== Segment start ==

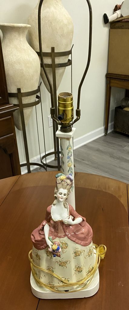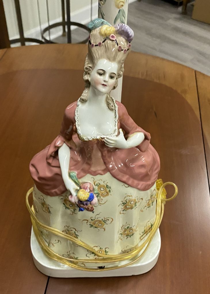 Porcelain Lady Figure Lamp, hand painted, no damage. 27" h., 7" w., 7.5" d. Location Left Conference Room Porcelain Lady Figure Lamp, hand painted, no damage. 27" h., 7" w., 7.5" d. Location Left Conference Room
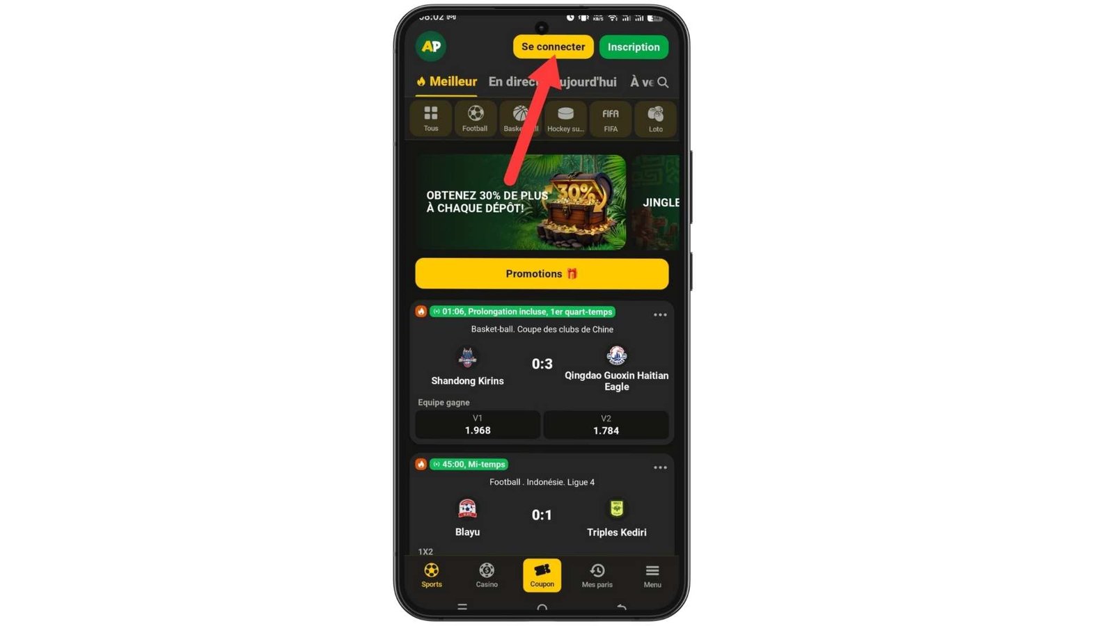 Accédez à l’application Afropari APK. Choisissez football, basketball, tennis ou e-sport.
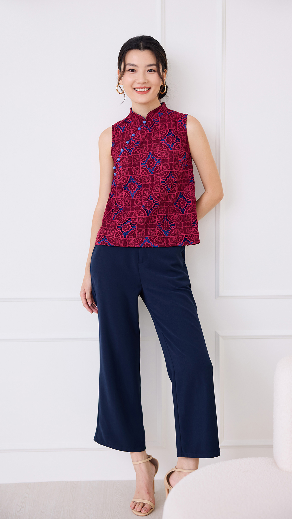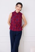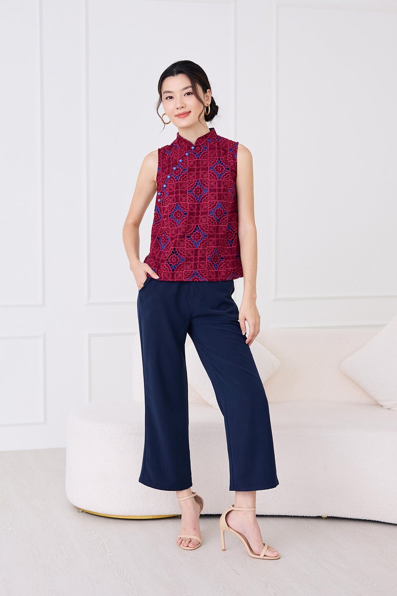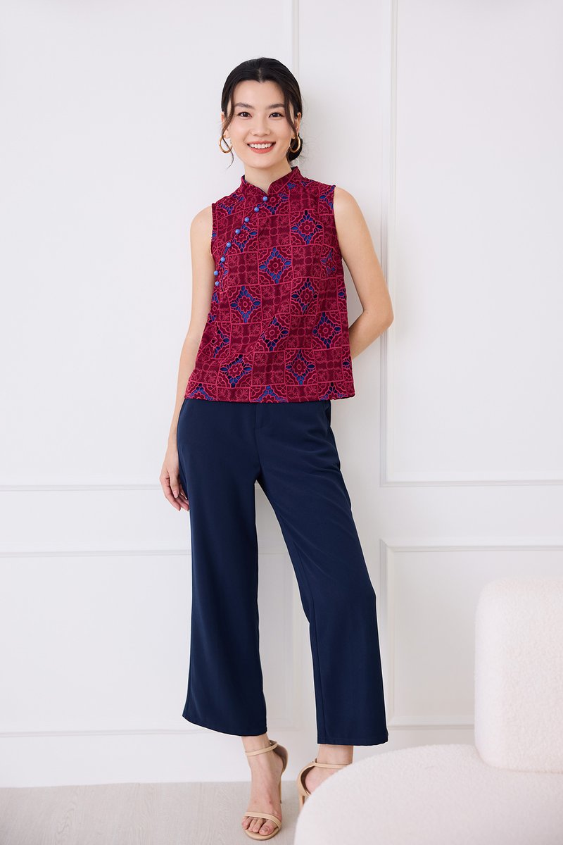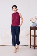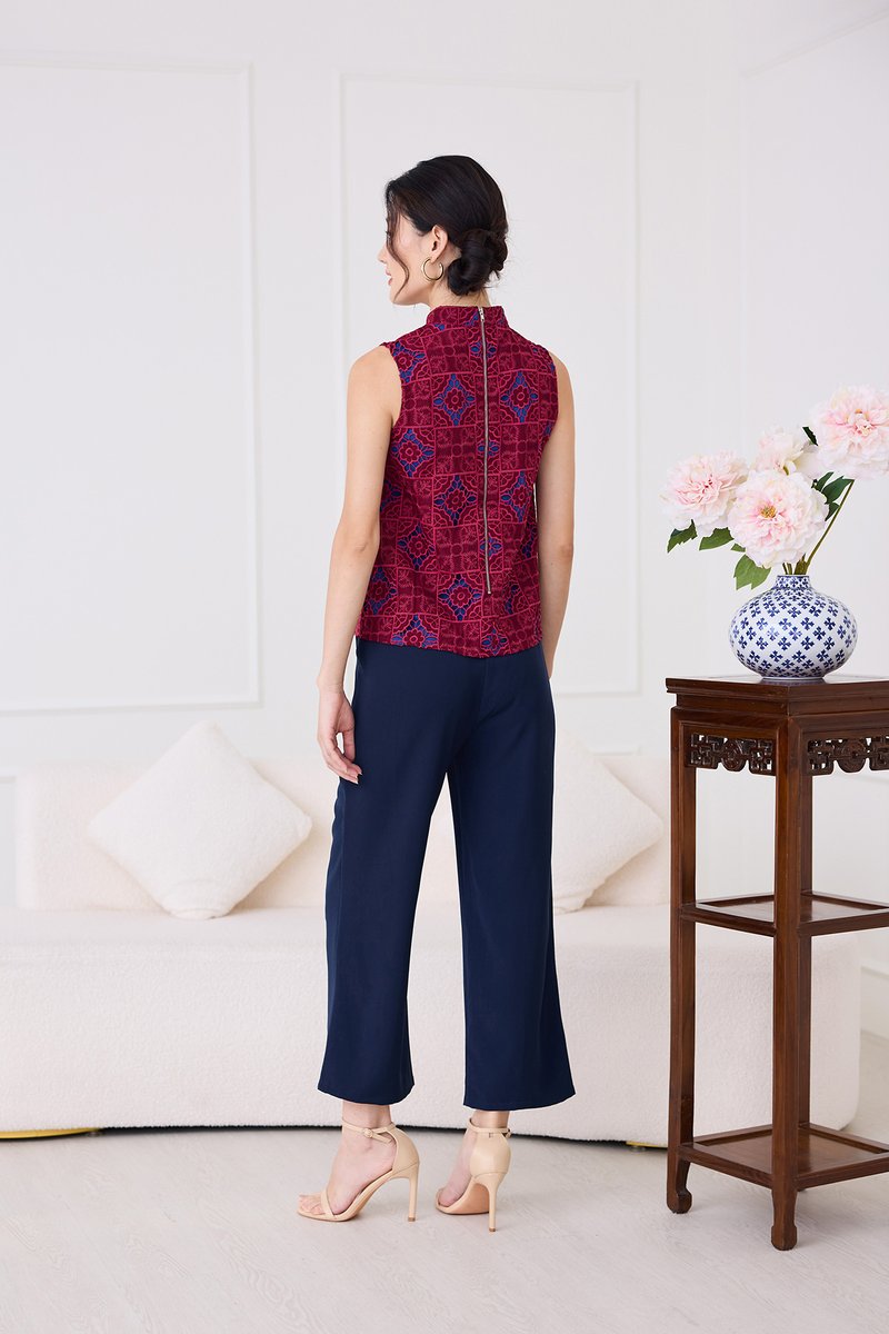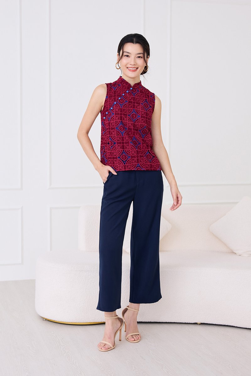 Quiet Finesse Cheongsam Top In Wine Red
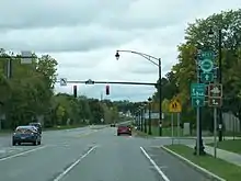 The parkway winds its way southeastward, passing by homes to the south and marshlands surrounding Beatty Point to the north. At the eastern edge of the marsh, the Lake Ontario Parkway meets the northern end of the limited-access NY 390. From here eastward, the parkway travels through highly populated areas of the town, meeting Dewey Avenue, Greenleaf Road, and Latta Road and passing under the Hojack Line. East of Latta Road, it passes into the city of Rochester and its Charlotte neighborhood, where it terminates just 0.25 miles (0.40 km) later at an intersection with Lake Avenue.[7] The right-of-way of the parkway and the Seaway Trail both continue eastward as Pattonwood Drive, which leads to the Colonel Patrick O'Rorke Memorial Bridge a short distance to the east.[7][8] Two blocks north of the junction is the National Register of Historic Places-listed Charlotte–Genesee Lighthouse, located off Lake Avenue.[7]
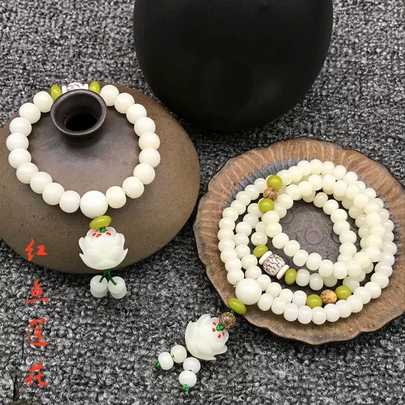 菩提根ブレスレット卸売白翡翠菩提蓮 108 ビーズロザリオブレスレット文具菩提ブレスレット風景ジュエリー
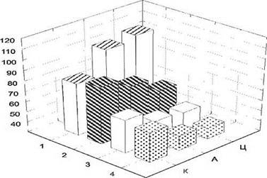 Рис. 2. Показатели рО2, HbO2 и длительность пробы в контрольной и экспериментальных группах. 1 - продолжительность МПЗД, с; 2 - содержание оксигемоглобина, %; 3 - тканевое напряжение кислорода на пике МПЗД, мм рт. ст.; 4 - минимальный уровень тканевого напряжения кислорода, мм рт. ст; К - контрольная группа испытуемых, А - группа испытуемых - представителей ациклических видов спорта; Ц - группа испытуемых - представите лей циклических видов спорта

== Segment end ==

*Problem details*:
Would you repeat the material exactly, keeping out any pictures?

*Response*:
 Porcelain Lady Figure Lamp, hand painted, no damage. 27" h., 7" w., 7.5" d. Location Left Conference Room Porcelain Lady Figure Lamp, hand painted, no damage. 27" h., 7" w., 7.5" d. Location Left Conference Room
 Accédez à l’application Afropari APK. Choisissez football, basketball, tennis ou e-sport.
 Quiet Finesse Cheongsam Top In Wine Red
 The parkway winds its way southeastward, passing by homes to the south and marshlands surrounding Beatty Point to the north. At the eastern edge of the marsh, the Lake Ontario Parkway meets the northern end of the limited-access NY 390. From here eastward, the parkway travels through highly populated areas of the town, meeting Dewey Avenue, Greenleaf Road, and Latta Road and passing under the Hojack Line. East of Latta Road, it passes into the city of Rochester and its Charlotte neighborhood, where it terminates just 0.25 miles (0.40 km) later at an intersection with Lake Avenue.[7] The right-of-way of the parkway and the Seaway Trail both continue eastward as Pattonwood Drive, which leads to the Colonel Patrick O'Rorke Memorial Bridge a short distance to the east.[7][8] Two blocks north of the junction is the National Register of Historic Places-listed Charlotte–Genesee Lighthouse, located off Lake Avenue.[7]
 菩提根ブレスレット卸売白翡翠菩提蓮 108 ビーズロザリオブレスレット文具菩提ブレスレット風景ジュエリー
 Рис. 2. Показатели рО2, HbO2 и длительность пробы в контрольной и экспериментальных группах. 1 - продолжительность МПЗД, с; 2 - содержание оксигемоглобина, %; 3 - тканевое напряжение кислорода на пике МПЗД, мм рт. ст.; 4 - минимальный уровень тканевого напряжения кислорода, мм рт. ст; К - контрольная группа испытуемых, А - группа испытуемых - представителей ациклических видов спорта; Ц - группа испытуемых - представите лей циклических видов спорта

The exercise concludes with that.